The name Deccan comes from an area of what is now India where a massive amount of molten material surged up from near the Earth's core 65 million years ago.

It would have brought vast amounts of carbon gases to Earth's surface, causing a warming effect that would have wiped out many species of plants and animals.

"This finding suggests that the K-T boundary impact (and volcanism) may have been the straw that broke the camel's back, rather than the catastrophic kill of a healthy thriving community," the researchers concluded.

Now they need to find the actual crater left by whatever made this final blow. Perhaps one known as the Shiva crater in India, dating to around the same period, is the one, they suggested.

"There is evidence for a third impact, which occurred about 150,000 years after the K-T mass extinction," Keller said.

This impact may have made it harder for plants and animals to recover from the worldwide effects of the blasts from space and from within the planet.

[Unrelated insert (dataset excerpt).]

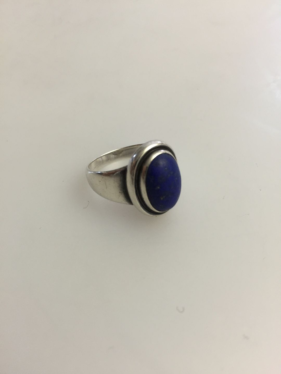 Georg Jensen Sterling Silver Ring No 46B Ornamented with Lapis Lazuli. From 1930-1945

http://uk.news.yahoo.com/040302/325/enev0.html

I'm glad to see the article illustarted with a picture of a dinosaur - so thats what they looked like. ;)

Emps
 
gl5210 said:
Why is it they never consider new evidence just ways to dismiss it? It is supposed to be science which is supposed to question everything. If you have dogma you are religous not scientific.
I agree 100%, simple to say that its not science. True science has already shown us that creatures like the coelocanth, cephalopods, and frogs have survived numerous extinctions, and they are supposed to be very sensitive to their environments.